According to him, reducing reliance on foreign technologies while encouraging home grown innovation is vital to achieving digital sovereignty and sustainable economic growth.
The NITDA boss also said the agency would support NNPC in developing a robust innovation pipeline to connect the company with Nigeria’s growing startup ecosystem.
He said startups would be engaged through incubation programmes and innovation challenges to develop practical solutions tailored to the oil and gas industry.
Inuwa further scored that NITDA’s initiatives aimed at fostering innovation among young Nigerians, including members of the National Youth Service Corps.
“Many of our corps members are already creating solutions to real-world challenges through the agency’s programmes,” he said.
Inuwa also said that effective implementation of the Nigerian Startup Act would be crucial in supporting emerging technology ventures and scaling ideas into commercially viable solutions.

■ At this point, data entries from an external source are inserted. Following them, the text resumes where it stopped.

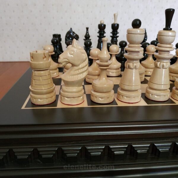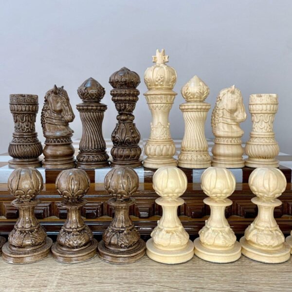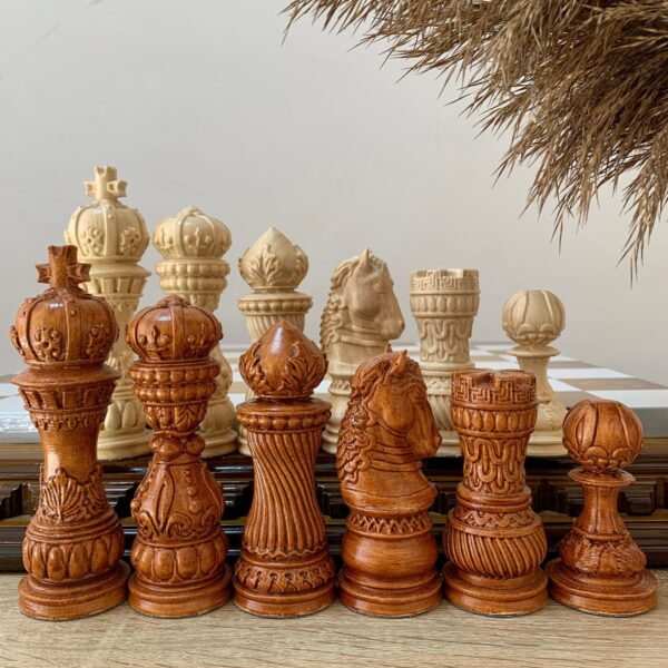 Wooden Chess pieces “Classic” slavic style with ornamental detailing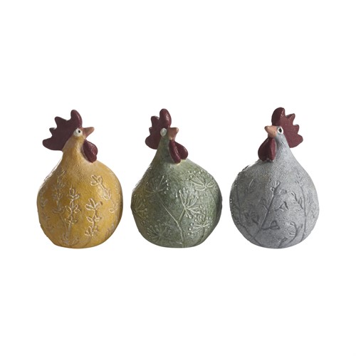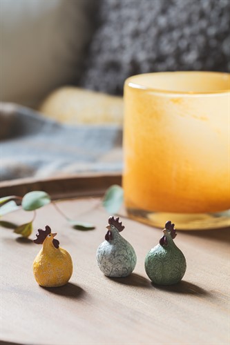 Höna Flores 3-p vit, gul, grön H.5,2cm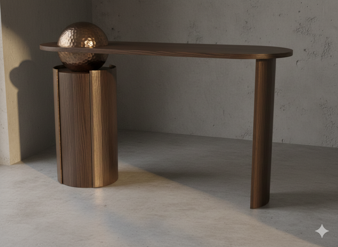 put this table in a luxury hotel room with floor to ceiling windows just include the table and a person seating at this table from the back no bed no other furniture make a photo realistic render of this image keep all the details make it seamless as if it is a photo keep soft warm natural light as if its golden hour don t change any materials or shapes of the structure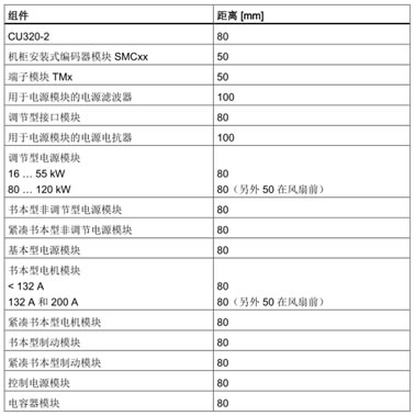 (3) 装置型功率部件散热时上下预留所需空间,参看表1-6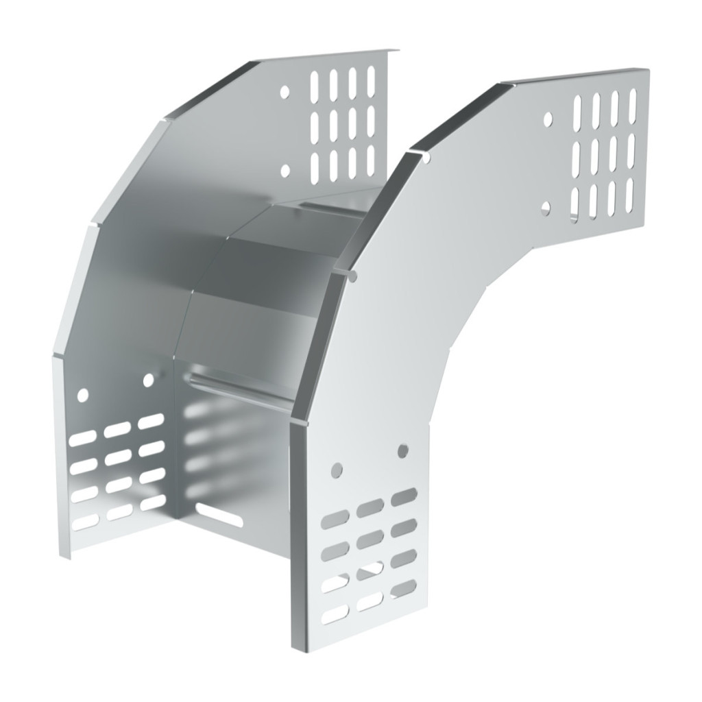 Low elbow for bending of the route in vertical direction at the angle of 90° in decreasing direction. Elbow is intended for cable trays with width 85x200, superficial treatment sendzimir, for connection of elbow and cable tray it is not necessary to use special connectors.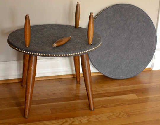 Después de un viaje y un tropiezo, soporta media de la tabla vino deshecho. Se puede reparar pero tuvo una vida más para vivir como un otomán tapizado.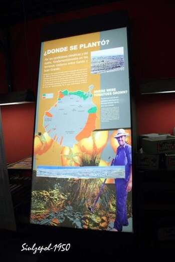 La visita fue muy amena explicándonos el origen mejicano del tomate, la fecha que vinieron las primeras plantas a Europa y luego a nuestras islas, datos botánicos de la tomatera, quienes fueron los primeros agricultores que plantaron el tomate en Gran Canaria a finales del siglo XIX, las zonas de la isla donde se plantó, los derivados actuales del tomate, el modo del cultivo (latadas), la confección de las rafias y todo el proceso del cultivo del tomate desde las mudas hasta la recolección.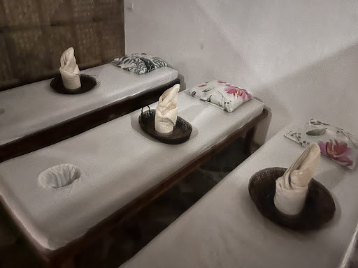 Our first night here was not so great, we requested for a relaxing Swedish massage but it was like getting a massage in a zoo. The customers who finished and new ones that came in were talking super loud, laughing, kids screaming playing sounds on their phone and the sounds of the rocks as they walked pass. Absolutely disrespectful by the customers. No common decency. We had to ask our therapist to tell them quiet but that did not work. We absolutely hated it as it was not relaxing at all but it was just unfortunate because the massage was amazing. But someone should’ve told them to be quiet and have some respect as there’s literally signs.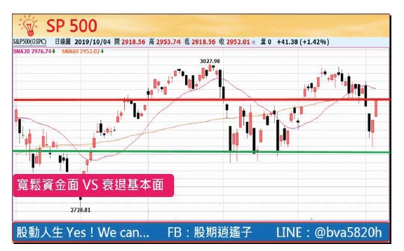 十月在過往雖然上漲機率高達七成,但卻是用一個上下振幅相當大的走勢來呈現,過去一個禮拜的國際股市並不平靜,雖然周漲跌不大,但細看每個交易日的話,其實振幅相當大,主要因為看到的經濟數據並不太理想,包括消費者信心、製造業與服務業的數據、ADP就業的數據、非農就業人口都傳出不好的消息,國際股市在過去一個禮拜的上半周,因經濟數據不理想、美歐加稅而下跌,下半周則因經濟數據不理想,市場期待央行的降息救市而回升,這種走法,目前看來還會持續一陣子!全球股市頸線的位置常追蹤我節目的都知道,美股三大指數有一個頸線的強大支撐,如圖所示即為綠色這條線,在紅綠線之間,美股會走上下振幅波動大的區間,投資朋友可以看到,過去幾個月美股打到頸線就做收腳,而站上紅色這條線,代表的是美股有機會用震盪盤堅的方式來挑戰今年高點,而一旦確認跌破綠色這條線,代表的是支撐不再是支撐,支撐變反壓,行情將進入空方時間!在降息循環下,我們常提到,要提防有最後一波的可能,爆點何時出現,我們就觀察VIX恐慌指數何時攀升,畢竟繼續降息不見得是好辦法,降息跑出來的錢全都跑到金融市場,沒有流向生產市場,全球負殖利率公債金額屢創新高,各國如何償還這龐大的債務?再打一次世界大戰?這隻灰犀牛何時暴衝,誰也說不準!現階段,寬鬆資金與經濟停滯,繼續拉扯,看那方出現壓倒性的力量,PARTY繼續的關鍵或許會在中美貿易,景氣衰退有很大的原因來自於川普跟全世界槓上,但先前我們也不斷的跟大家打預防針,光美日貿易戰就打了二十年,以中國目前跟日本當下的政經環境來看,中美貿易戰可能在你我有生之年都還找不到答案!回頭來看加權指數,台股這一波,相較於國際股市是來得強勢,除了受惠中美貿易的轉單效應,還有很大一部分的原因歸功於資金回流,在型態上,大盤會繼續走高檔震盪,十月三日跳空缺口,若能儘快回補,則盤還有機會再挑戰一次高點。從外資籌碼上來看,外資認為十月三日的回檔,僅是漲多修正,然一一○○○點近期的走勢卻是壓力重重,操作上只要不過度追價,掌握到類股輪動的節奏,相信獲利還是會有。後勢十月三日收腳的低點會是關鍵,這點位也約是月線所在位置,一旦跌破,下探季線的壓力就大了,季線也約是目前台股的頸線位置九月五日的缺口,這缺口一旦跌破,行情將進入空方時間!

Earlier, Olaniyi said the engagement was aimed at co-creating solutions and building a strong partnership framework to accelerate innovation across the energy value chain.
He emphasised that collaboration among government agencies, industry players and the technology ecosystem remained critical to achieving sustainable innovation.
Presenting the mandate of the RTI Unit, he said its focus was on driving excellence through innovation.
According to him, this would lead to improved operational efficiency, enhanced revenue generation and support sustainable growth across NNPC’s businesses, including upstream, gas, power and new energy.